- WHAT YOU WILL DO -
Leave the pictures out and return every line below exactly.

(SUPPLIED DATA)

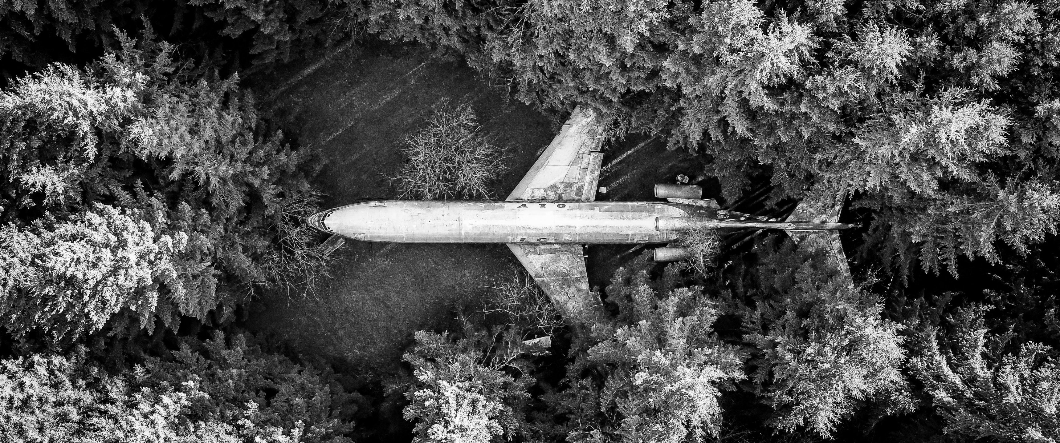 Обои: самолет, черное и белое - 3440x1440
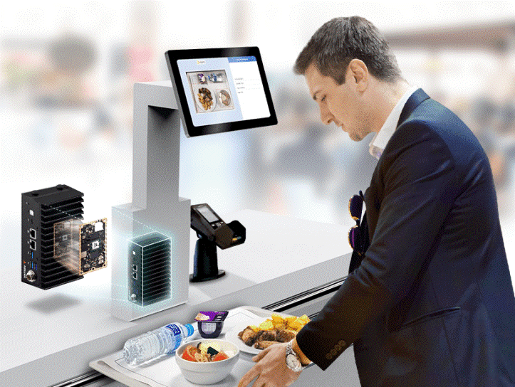 At the checkout of a restaurant or store, machine vision can identify the items in a single scan and display the total due–in less than 1.5 seconds with ADLINK DLAP-211-JT2.
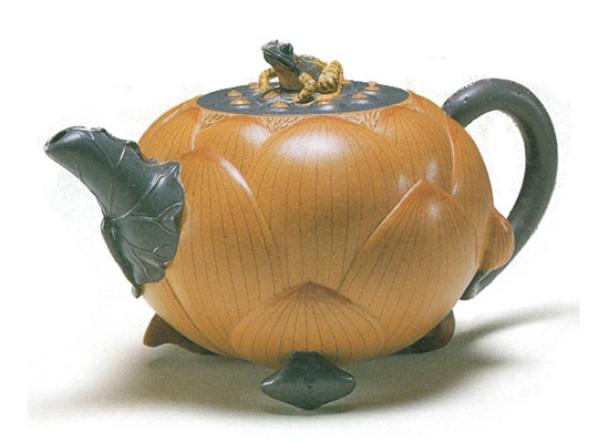 “荷花茶具”是蔣蓉大師的處女作。當(dāng)是還正是紫砂壺花貨創(chuàng)作新的萌芽時(shí)期,又逢盛夏六月,盛天的荷花,惹人喜膦,粉紅色的花瓣里裹著碧綠蓮蓬。那綽約的豐姿,高潔的品格,給人以出污泥而不染的形象,深深地吸引著人們。蔣蓉大師決定創(chuàng)作荷花茶具,這是所謂藝術(shù)上的創(chuàng)作構(gòu)思,至于實(shí)地觀察以至成型燒制,還要花很大功夫,才能成為一件人們博覽的珍品。采摘實(shí)物,凝視觀察,靜思默想是蔣蓉大師多年以來創(chuàng)作紫砂壺花貨茶具不可缺少的過程,因?yàn)樗脑煨鸵o以人們從美的享受和實(shí)用價(jià)值來琢磨。要制造荷花茶具,必須摘來荷花,蓮蓬,荷梗,荷葉,凝視觀察客觀存在的形狀,筋絡(luò),色澤,然后運(yùn)用配色,拼泥以至最后定型。蔣蓉大師以盛開的荷花作壺身,圓鼓鼓的蓮蓬作蓋,彎曲的花梗作壺把,這時(shí)候必須用大力氣精細(xì)地把模型的一筋一瓣模仿得惟妙惟肖,這說明了藝術(shù)造型的一絲不茍和嚴(yán)謹(jǐn)性。美化茶具的全身更為重要。再觀察和靜想是保證一件工藝品的造型成功。
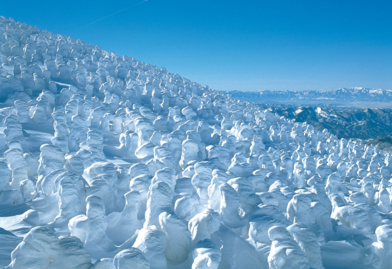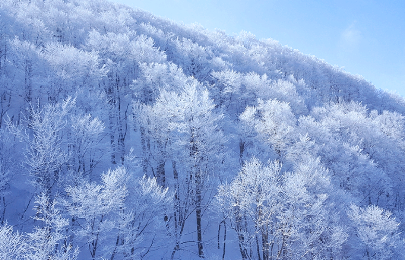 ‘수빙(樹氷)’은 차가운 안개가 바람에 날려와 나무에 붙어 굳어진 모습인데

(End SUPPLIED DATA)

- SOLUTION FOR THIS TASK -
 Обои: самолет, черное и белое - 3440x1440
 At the checkout of a restaurant or store, machine vision can identify the items in a single scan and display the total due–in less than 1.5 seconds with ADLINK DLAP-211-JT2.
 “荷花茶具”是蔣蓉大師的處女作。當(dāng)是還正是紫砂壺花貨創(chuàng)作新的萌芽時(shí)期,又逢盛夏六月,盛天的荷花,惹人喜膦,粉紅色的花瓣里裹著碧綠蓮蓬。那綽約的豐姿,高潔的品格,給人以出污泥而不染的形象,深深地吸引著人們。蔣蓉大師決定創(chuàng)作荷花茶具,這是所謂藝術(shù)上的創(chuàng)作構(gòu)思,至于實(shí)地觀察以至成型燒制,還要花很大功夫,才能成為一件人們博覽的珍品。采摘實(shí)物,凝視觀察,靜思默想是蔣蓉大師多年以來創(chuàng)作紫砂壺花貨茶具不可缺少的過程,因?yàn)樗脑煨鸵o以人們從美的享受和實(shí)用價(jià)值來琢磨。要制造荷花茶具,必須摘來荷花,蓮蓬,荷梗,荷葉,凝視觀察客觀存在的形狀,筋絡(luò),色澤,然后運(yùn)用配色,拼泥以至最后定型。蔣蓉大師以盛開的荷花作壺身,圓鼓鼓的蓮蓬作蓋,彎曲的花梗作壺把,這時(shí)候必須用大力氣精細(xì)地把模型的一筋一瓣模仿得惟妙惟肖,這說明了藝術(shù)造型的一絲不茍和嚴(yán)謹(jǐn)性。美化茶具的全身更為重要。再觀察和靜想是保證一件工藝品的造型成功。
 ‘수빙(樹氷)’은 차가운 안개가 바람에 날려와 나무에 붙어 굳어진 모습인데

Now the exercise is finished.